While Halloween is meant to be fun, you may occasionally encounter someone who likes tricks more than treats. Luckily, insurance could cover holiday hazards.
For instance, if your yard or porch decorations are damaged or stolen insurance may cover that. Likewise, if your car gets egged or damaged in any way by pranksters, comprehensive insurance should cover it.
Take care while driving and be aware of trick-or-treaters in your neighborhood. Park cars in the garage or a well-lit area. Practice fire safety by using battery operated candles in your pumpkins to prevent fire.
Additionally, find time this weekend to check your smoke alarms to make sure they work. Daylight Saving Time ends on Sunday and is a reminder to check those life-saving devices. Smoke alarms should be tested once a month, batteries should be replaced once a year, and the entire alarm should be replaced every 10 years.

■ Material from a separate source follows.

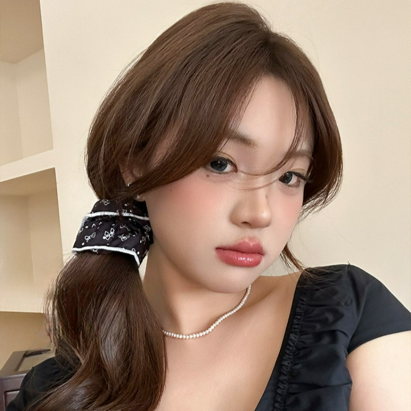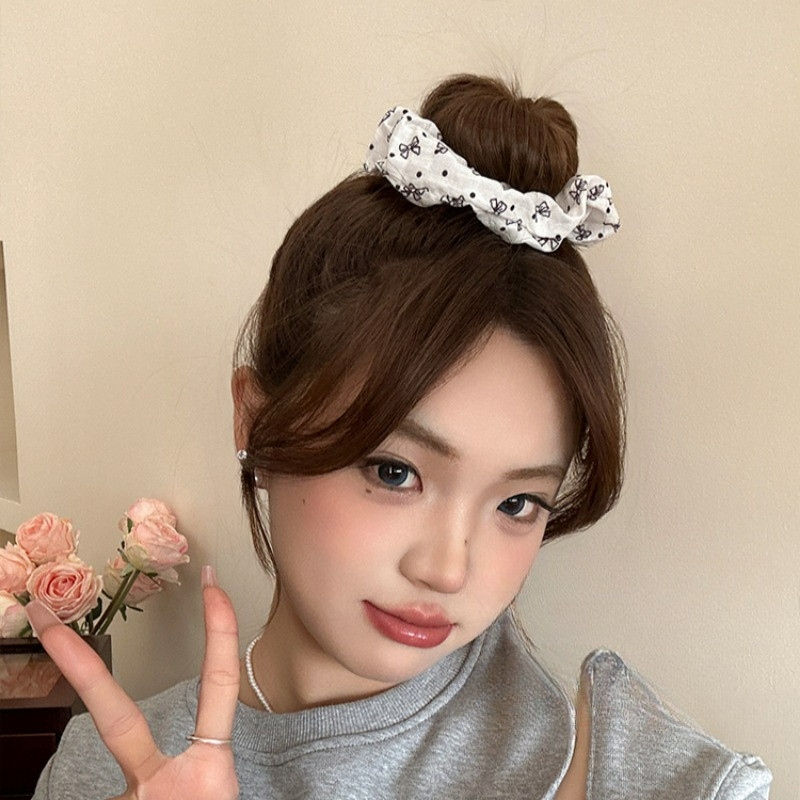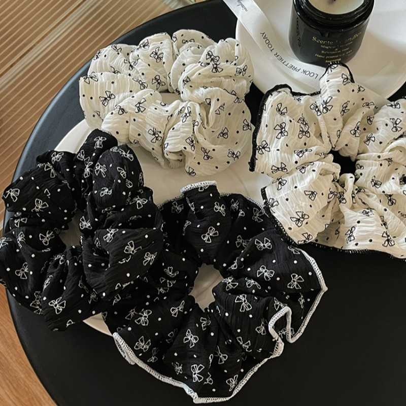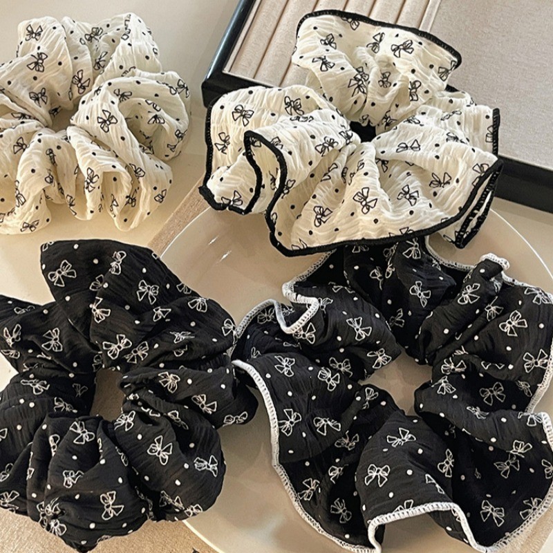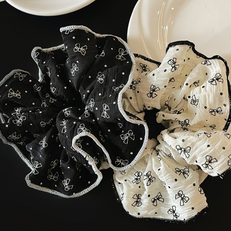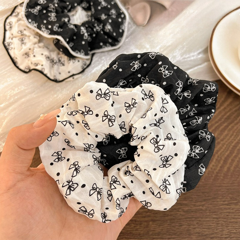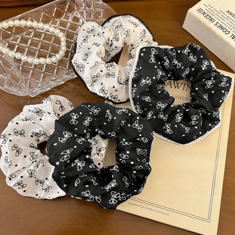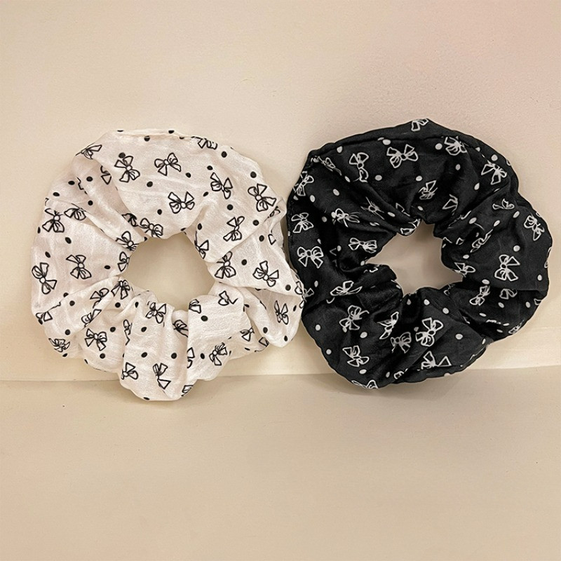 สีดําสีขาว Bowknot ผมผูกยางรัดหัวเชือก Scrunchies เกาหลีอุปกรณ์เสริม

There have been 51 fire deaths investigated by the State Fire Marshal's Office so far in 2020. In nearly 59% of those cases there was either no smoke alarm in the home or the smoke alarm was not working.
“At least 30 lives might have been saved this year if there had been a working smoke alarm in the home,” said State Fire Marshal Mike Chaney. “A working smoke alarm cuts your risk of dying in a fire in half. You should have one near each bedroom in your home. I also recommend installing a carbon monoxide detector in your home.”